Proc Natl Acad Sci U S A. 1983 Feb;80(3):726-30. doi: 10.1073/pnas.80.3.726.
3
A comprehensive set of sequence analysis programs for the VAX.一套适用于VAX的综合序列分析程序。
Protein Sci. 1998 Dec;7(12):2613-22. doi: 10.1002/pro.5560071215.
4
Self-organizing hierarchic networks for pattern recognition in protein sequence.用于蛋白质序列模式识别的自组织层次网络
Protein Sci. 1996 Jan;5(1):72-82. doi: 10.1002/pro.5560050109.
5
Self-organized neural maps of human protein sequences.人类蛋白质序列的自组织神经图谱。
Protein Sci. 1994 Mar;3(3):507-21. doi: 10.1002/pro.5560030316.
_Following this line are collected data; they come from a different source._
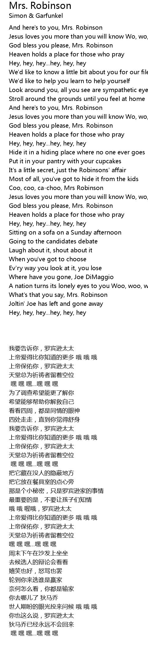 Mrs. Robinson 歌词
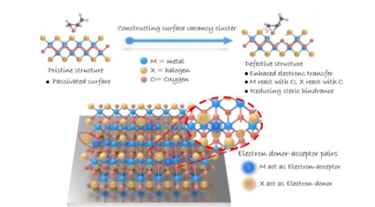 在此,我們以(yǐ)二維FeOCl為模型,提出通過缺陷工(gōng)程(正丁基鋰插層以及CO2插層剝離)在限定區域內構建(jiàn)電子給體(Cl位(wèi)點)和受體單元(Fe位(wèi)點)來促進環(huán)氧化物開環。通過結合理(lǐ)論模擬和原(yuán)位漫反射紅外傅(fù)裏葉變換光譜,我們表明Fe-Cl空位簇的引入可以激活惰性鹵素端(duān)麵,提供含有電子供體和受體單元的反應位點,從而加強環氧化物的吸附和促進C-O鍵裂解。
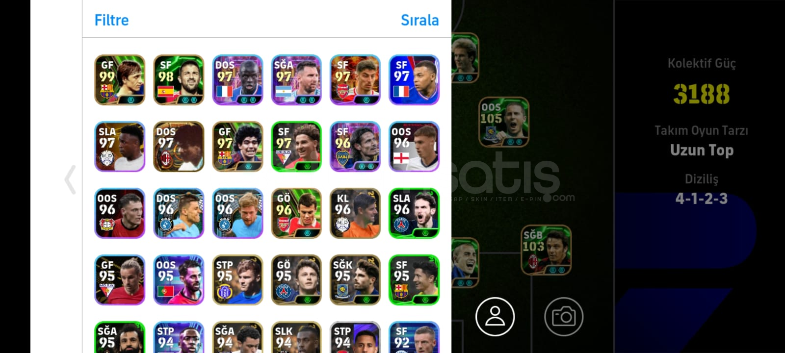 Bu fiyata böyle hesap bulamazsınız. Tek bağ eksi mc yok hesap göründüğü gibi anlatmaya gerek yok. 106 mbappe 105 rummenige oyunun en iyi forvetleri. Acil paraya ihtiyacım olduğu için satıyorum. İlk alana hayırlı olsun. Ufak da olsa pazarlık yapılır.
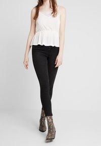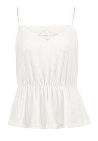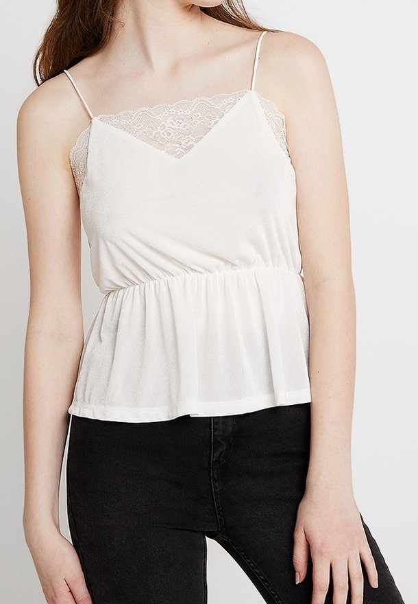 Haut blanc avec ourlet en dentelle, design en V et taille élastique. Texture fluide avec des bretelles fines. Associé à un jean noir.

Nucleic Acids Res. 1984 Jan 11;12(1 Pt 1):387-95. doi: 10.1093/nar/12.1part1.387.
4
Pattern recognition in several sequences: consensus and alignment.多个序列中的模式识别:共有序列与比对
Bull Math Biol. 1984;46(4):515-27. doi: 10.1007/BF02459500.
5
A general method applicable to the search for similarities in the amino acid sequence of two proteins.一种适用于寻找两种蛋白质氨基酸序列相似性的通用方法。
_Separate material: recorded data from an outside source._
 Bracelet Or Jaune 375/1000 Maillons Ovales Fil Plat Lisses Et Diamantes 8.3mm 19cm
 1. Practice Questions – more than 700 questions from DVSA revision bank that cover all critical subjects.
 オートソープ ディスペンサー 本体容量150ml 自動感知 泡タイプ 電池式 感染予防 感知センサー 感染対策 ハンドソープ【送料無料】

J Mol Biol. 1970 Mar;48(3):443-53. doi: 10.1016/0022-2836(70)90057-4.
6
Method for clustering proteins by use of all possible pairs of amino acids as structural descriptors.
J Chem Inf Comput Sci. 1988 May;28(2):72-8. doi: 10.1021/ci00058a006.
7
Predicting the secondary structure of globular proteins using neural network models.使用神经网络模型预测球状蛋白质的二级结构。
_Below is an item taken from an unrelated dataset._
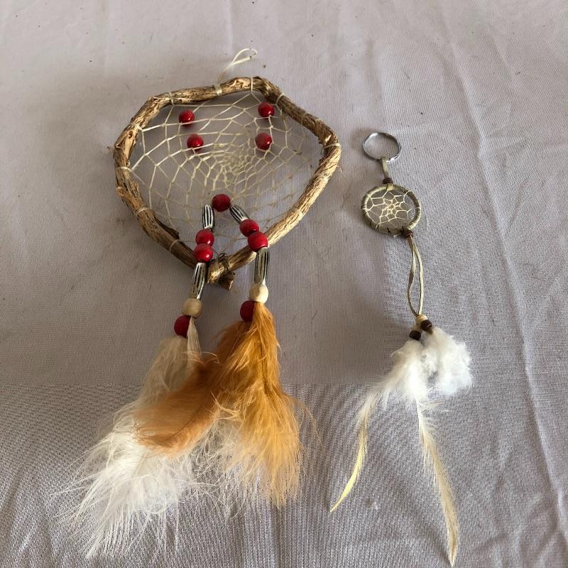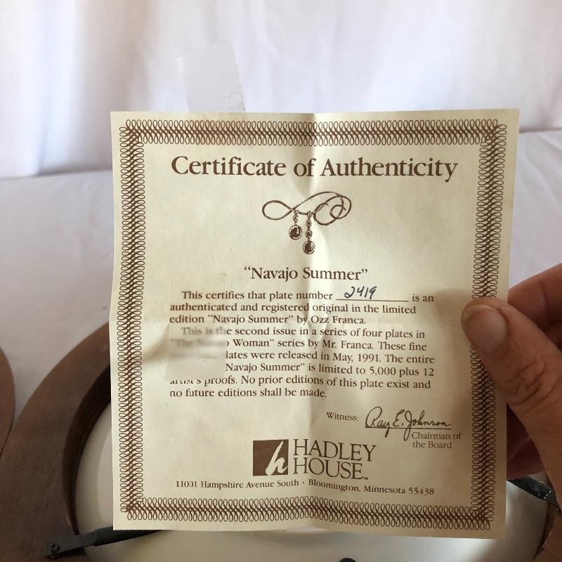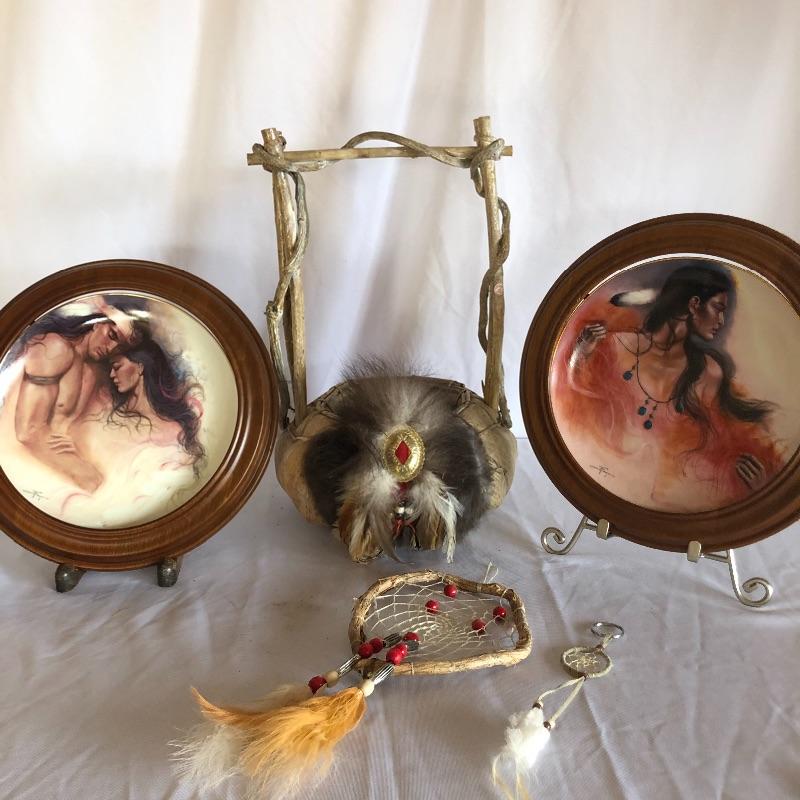 This lot includes two numbered Hadley House collector plates titled “The Lovers" and "Navajo Summer”and come with COAs. Also includes woven basket with beads and feathersand dream catchers.

J Mol Biol. 1988 Aug 20;202(4):865-84. doi: 10.1016/0022-2836(88)90564-5.
8
Multiple sequence alignment with hierarchical clustering.采用层次聚类的多序列比对。
Nucleic Acids Res. 1988 Nov 25;16(22):10881-90. doi: 10.1093/nar/16.22.10881.
9
Efficient recognition of immunoglobulin domains from amino acid sequences using a neural network.
Comput Appl Biosci. 1990 Oct;6(4):319-24. doi: 10.1093/bioinformatics/6.4.319.
10
Protein database searches for multiple alignments.用于多序列比对的蛋白质数据库搜索。
Proc Natl Acad Sci U S A. 1990 Jul;87(14):5509-13. doi: 10.1073/pnas.87.14.5509.